Depression is the psychiatric condition most frequently identified in people with epilepsy. Nevertheless, it is very often unrecognized and untreated. It should be considered a serious problem because of its significant negative impact on the patient's quality of life and increased potential for self-injury or suicide. An important tool in understanding the variety of depressive syndromes in epilepsy is the timing of the mood symptoms in relation to the ictus:
Preictal symptoms of depression can appear hours to days before a seizure. This phenomenon has been well documented in studies utilizing rating scales for depression and associated symptoms before and after seizures. Patients typically report feelings of irritability, inability to experience any pleasure in activities, problems with concentration, and feelings of hopelessness. The intensity of these symptoms worsens over time. Symptoms usually remit after seizures, though in some patients symptoms may persist into the postictal period.
During the ictal phase, the mood may suddenly change to sadness, suicidal ideation or feeling of helplessness or hopelessness with no environmental precipitant. Symptoms of depression and fear are the two most common ictal expressions of psychiatric symptoms. Often they may be the only symptoms of the ictus, hence presenting as simple partial seizures. More often than not, however, these symptoms last less than 30 seconds and are followed by alteration of consciousness leading to a complex partial or secondarily generalized tonic-clonic seizure. Some investigators have suggested that the presence of psychiatric "auras" may be associated with a higher occurrence of interictal depressive disorders in patients with epilepsy.

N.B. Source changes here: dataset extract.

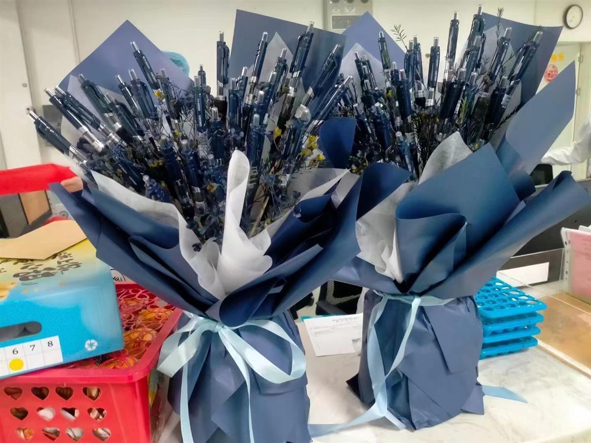 患者小夏说,来市肺科医院接受了蒋钰辉、姚利两位医生的手术治疗后,病情很快得到控制,但出院后,还需要服用一段时间的药物。因为自己的身体原因,药物副反应比较大,而来院就诊咨询又不方便,所以就频繁地给蒋医生发微信咨询。每次蒋医生都认真了解情况,并贴心地通过微信给出指导,就这样,她慢慢挺过了药物的不良反应期。现在,小夏已经康复,心里却始终记着蒋医生和姚医生的精湛医术,以及对她的热情服务。本想送点礼物表达感激,但被蒋医生和姚医生婉拒了。于是,她就咨询身边的同事,上网做“攻略”,咨询网友,什么样的礼物,医生无法拒绝。于是知道了,笔是医生的宝,便买了上百支笔,让花店帮忙包扎成两束“鲜花”的样子。

Ictal crying (dacrystic seizures) is rare, despite the prevalence of unpleasant or dysphoric mood auras. Ictal laughing (gelastic seizures) is more common, yet the experience of euphoria during an ictus (a "Dostoyevskian seizure") is extremely rare. The divergence may represent an uncoupling of emotional experience from the expression of affect during the ictal phase.

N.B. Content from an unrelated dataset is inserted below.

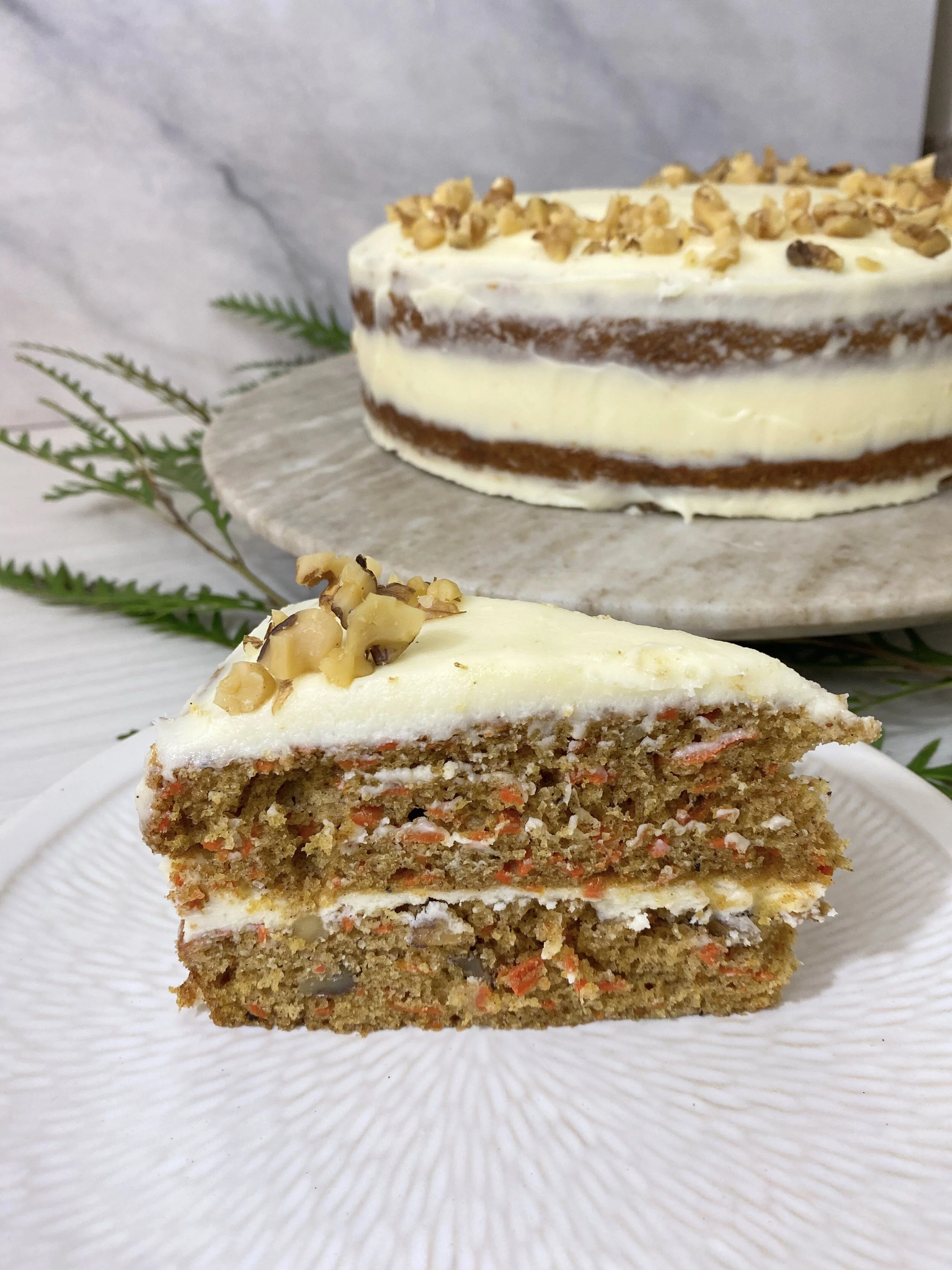 A moist and heavenly cake with delicious layers of shredded carrots, warm spices and walnuts in every bite.

During the postictal phase, symptoms of depression are common but often overlooked. In a recent study, 43% of 100 consecutive patients with intractable partial epilepsy experienced symptoms of depression after more than half of their seizures. The average duration of these symptoms was 24 hours, with a range from several minutes to up to a week. Of these 43 patients, 18 reported clusters of at least five symptoms of depression that lasted at least 24 hours and mimicked the symptoms of a major depressive episode, and 13 experienced suicidal thoughts. Most of the patients who reported symptoms of depression also reported symptoms of anxiety and disturbances in their sleep and appetite. Clearly, these symptoms have a greater impact in the life of patients than the actual seizure.

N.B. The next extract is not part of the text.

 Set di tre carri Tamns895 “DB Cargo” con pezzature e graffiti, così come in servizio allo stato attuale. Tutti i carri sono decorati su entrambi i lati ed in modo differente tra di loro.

During the interictal phase, depression is the most frequent comorbid psychiatric disorder. Interictal depressive disorders result from a variety of factors including:
- chemical and electrophysiological changes in the brain resulting from the epileptic disorder itself
- a genetic predisposition to experience depression
- a reaction to the multiple obstacles faced by people with epilepsy
- an adverse effect of medications used to treat the seizures
The depressive disorders in people with epilepsy may be identical to those of people in the general population, but in up to 50% of people with epilepsy, interictal depressive episodes present features considered "atypical." Symptoms of irritability, poor frustration tolerance, and mood lability may be more prevalent and obvious than other symptoms typical of "classic" depression, such as inability to find pleasure in activities, problems with sleep and appetite, or feelings of helplessness and hopelessness. Their symptoms tend to last between a few hours and several days and may remit spontaneously for several days before recurring without any apparent reason. This on-off course of symptoms can persist for a very long time, to the point that patients and their families often consider these "mood changes" to be normal and "a part of the epilepsy." Thus, they fail to report them to the physician and the depressive episodes go untreated while having a significant taxing effect on the quality of life of the patients and their families.
Treatment of pre-ictal, ictal, and postictal symptoms of depression depends largely on seizure control. The efficacy of antidepressant drugs in treating postictal depressive episodes has not yet been evaluated.
On the other hand, patients with sustained episodes of interictal depression may benefit from
antidepressants. These drugs seldom compromise seizure control in clinical practice.